E depois temos uma proximidade bucal que, a bem dizer, passa tão despercebida como uma retroescavadora no consultório de um proctologista. É coisa para assustar, para, ainda que, e graças a Deus, a um nível metafórico, nos imaginarmos como vítimas de empalação. Quando Mick e David aproximam as bocas, é impossível o nosso corpo não se retrair, é impossível não nos engelharmos grotescamente perante tal panorama. Aquilo é de tal forma intimidador que, quando os dois músicos optam por encostar as testas, somos invadidos por uma sensação de alívio semelhante àquela que nos invade a todos quando percebemos que aquele mendigo chato, o que, em busca de uns trocos, interpela e desafia as pessoas, está do outro lado da rua. E, quando um momento em que dois homens encostam as testas de forma ternurenta tem o condão de aliviar seja o que for, é sinal que o que ficou para trás é demasiado aflitivo para haver palavras que o descrevam.

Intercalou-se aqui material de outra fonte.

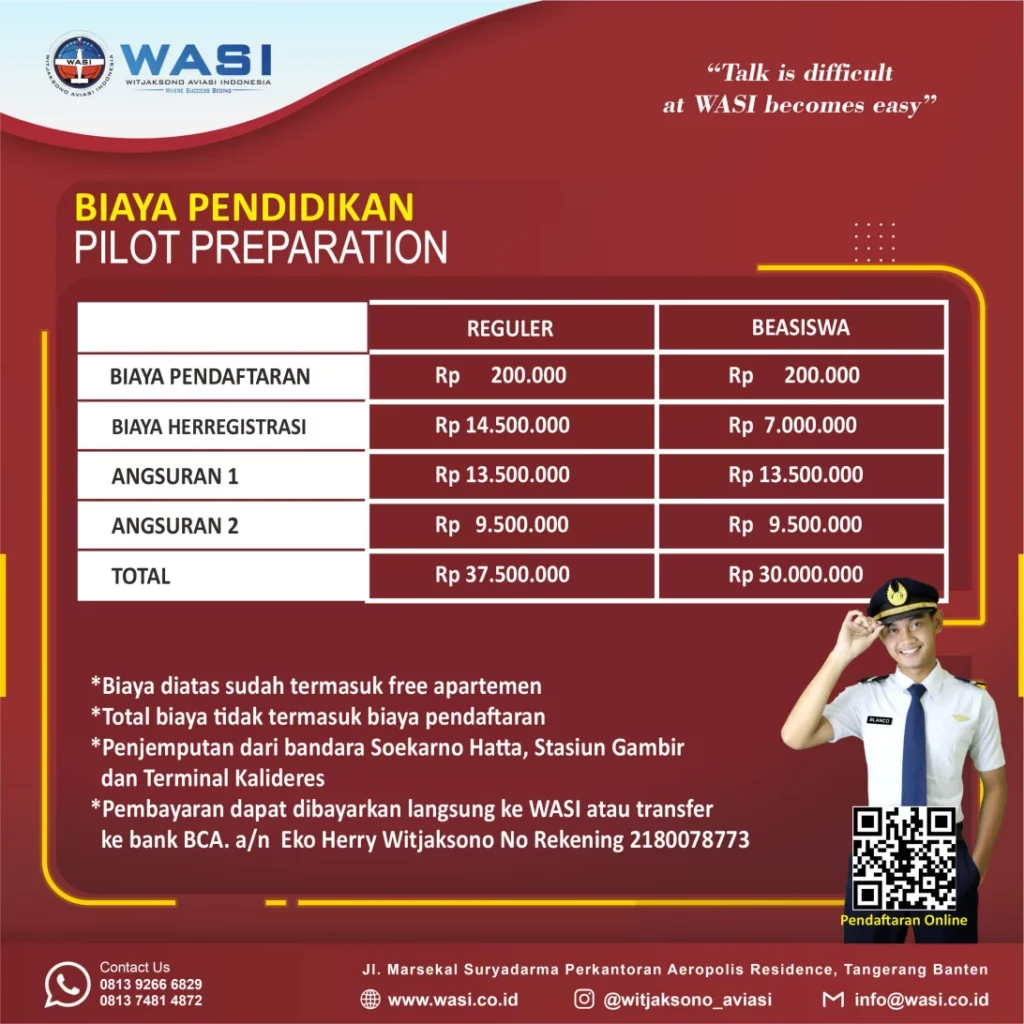 Program BEASISWA WASI ( WITJAKSONO AVIASI INDONESIA ) dan juga Instruktur-instruktur handal beserta alat simulator canggih akan membantu peserta didik WASI dalam meraih mimpi!

Quem viu o teledisco original da Martha & The Vandellas sabe que não é propriamente complicado parecer mais feminino que as senhoras. Afinal de contas, elas parecem irmãos do Ru Paul, mas, David e Mick, também não era preciso exagerar, caraças. Já agora, para quem não sabia, há rumores de que Jagger e Bowie teriam, em tempos, jogado ao encaixa. Eles sempre negaram. E, para contrariar rumores dessa natureza, nada melhor que um teledisco como este “Dancing in the Street”. Um teledisco que, como se viu, depois de tão específicas danças, roupagens e daquilo das bocas, ainda consegue terminar com um plano dos seus quadris. A moral da história é que este teledisco está para a imaculada heterossexualidade dos dois senhores como o rancho de Neverland está para a de Michael Jackson. E, mais de 20 anos depois, a Etiópia continua com fome, continua a protagonizar anedotas e agora até ganha menos corridas daquelas grandes. Valeu a pena?


Anonymous Anónimo said...

desconhecia a asco e o q é um "babygro", de resto esta lamentável e lastimável produção "músico-sonóra" é tudo o q tu disseste e mais, muito mais. obrigado por não me deixares dormir na próxima semana. Pobres etiopes, por isso é q estão em greve de fome(viste +uma)  


Blogger papousse said...

Diz-se lá na aldeia que o jogo do encaixa metia (literalmente) o chocolate Mars.  


Blogger J. Salinas said...

Sim, diz quem sabe que, embora o Twix acabe por satisfazer duas vezes e o Kit Kat até permita parar a meio, o Mars sempre foi o preferido quando se tratava de encaixes.